For community banks, faced with this with massive burden, it literally creates fear in the local banker to, well, be a banker! It drains a Bank’s resources while trying to keep up with all the new regulations to comply. Banks end up worrying about the compliance aspects of the business and lose focus on what they do best—lending. Just as important, added regulation increases a bank’s cost to comply with more regulations, which in turn end up costing small businesses and consumers more. In addition, new regulations have restricted the availability of financial products and credit because banks are now so focused on complying with regulation it has become difficult to be innovative.

It can be argued that much of the new regulations are unnecessary to force upon community banks. Many of the new regulations do not protect consumers, or make the banking system any safer than before without the regulations. And in fact, just the opposite is occurring. Many smaller banks are being sold or merged with larger ones. Other banks are closing their residential mortgage operations. The banking industry is consolidating; the main street banker is forced to compete with the larger regional and national banks.

Unfortunately, perception is reality and the perception from the financial crisis is that more regulation is better. But is it smarter? How does it impact the commercial property owner? And what does it do for the local economy?

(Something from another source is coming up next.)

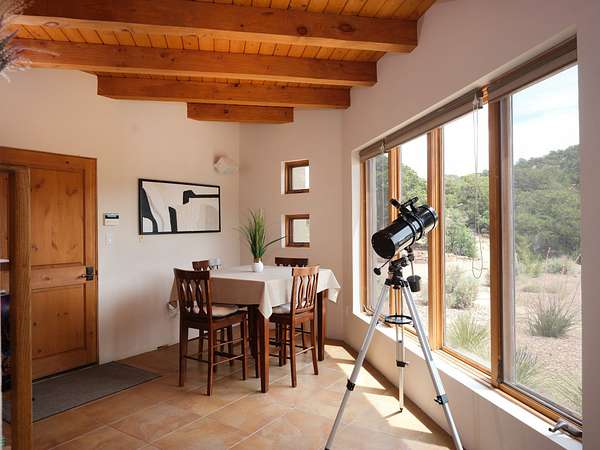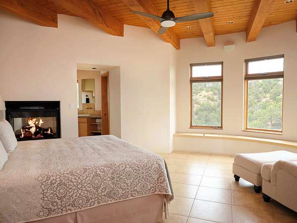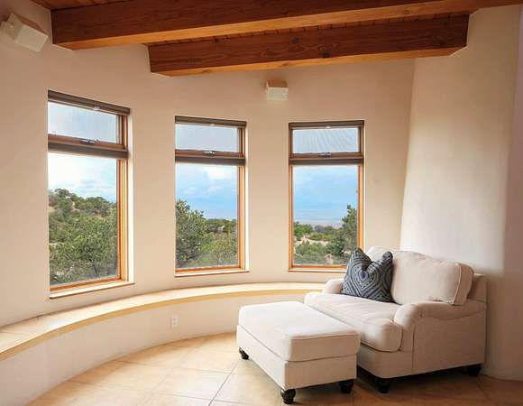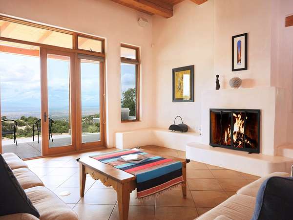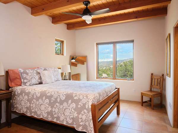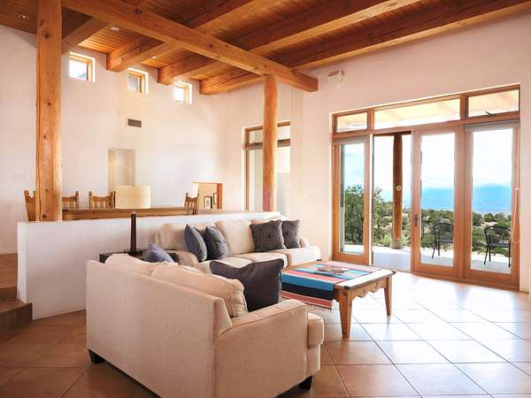 Perched high in the Sangre de Cristo foothills, Casa del Sueno captures the very essence of Northern New Mexico's beauty - endless skies, luminous sunsets, and breathtaking 360-degree mountain views. This 3,300-sq-ft retreat, situated on 10 serene acres, offers complete privacy yet is conveniently located just 35 minutes from Santa Fe and the Opera, 35 minutes from Los Alamos, and 75 minutes from Taos. Designed for both intimate living and effortless entertaining, the home features four bedrooms and three baths, including a primary suite with fireplace and panoramic views, and a separate guest suite ideal for guests. The chef's kitchen opens to inviting living spaces framed by picture windows and natural light, while a rooftop deck provides a front-row seat to sunsets over the Jemez Mountains. Modern amenities include Starlink high-speed internet, a media room, and a fully integrated home sound system. The property features a horse stable and borders miles of pristine trails for hiking, biking, and horseback riding - offering an unparalleled connection to nature without sacrificing convenience or sophistication. A beloved home with a proven record of five-star guest experiences, Casa del Sueno also functions beautifully as a turnkey luxury retreat or second-home investment. From its peaceful mornings to star-filled nights, every moment here is a reminder of why Santa Fe is among the world's most enchanting destinations.

While there are no easy answers, the first one is, that our country has been based upon the freedom to choose. Increase regulatory burden, and you take away the freedom to choose. The freedom to run a business to meet the needs of your customers. If the banker is so restricted on what loans they can choose to make, it will have a negative impact on the commercial property owner and any small business looking for financing. When a small business cannot obtain the financing it needs to operate or grow, guess what, the community suffers. It suffers in terms of local employment, obtaining goods and services and generally economic activity is dampened.

Rather than more regulation, what is needs is regulation 2.0. Throw out the old and write new regulations; lessen the burden. Banks today are basically a government appendage. Bankers are subject not to their customers but to the government. While it appears the ultimate stakeholder is the government with their consumer protection agenda, the real stakeholder is the communities in which local banks operate.

According to American Banker,

 “…there are now 1,342 fewer community banks in the U.S. than there were in June 2010. The number of banks with assets below $100 million shrunk by 32%, while the number of banks with assets between $100 million and $1 billion fell by 11%.

Consequently, it should come as little surprise that since Dodd-Frank, the share of U.S. assets held by banks with assets above the $10 billion threshold has increased by 4%. By contrast, banks with assets below $100 million have seen their share of U.S. assets decline by 40%. Banks with assets between $100 million and $1 billion lost 21% market share during this time.”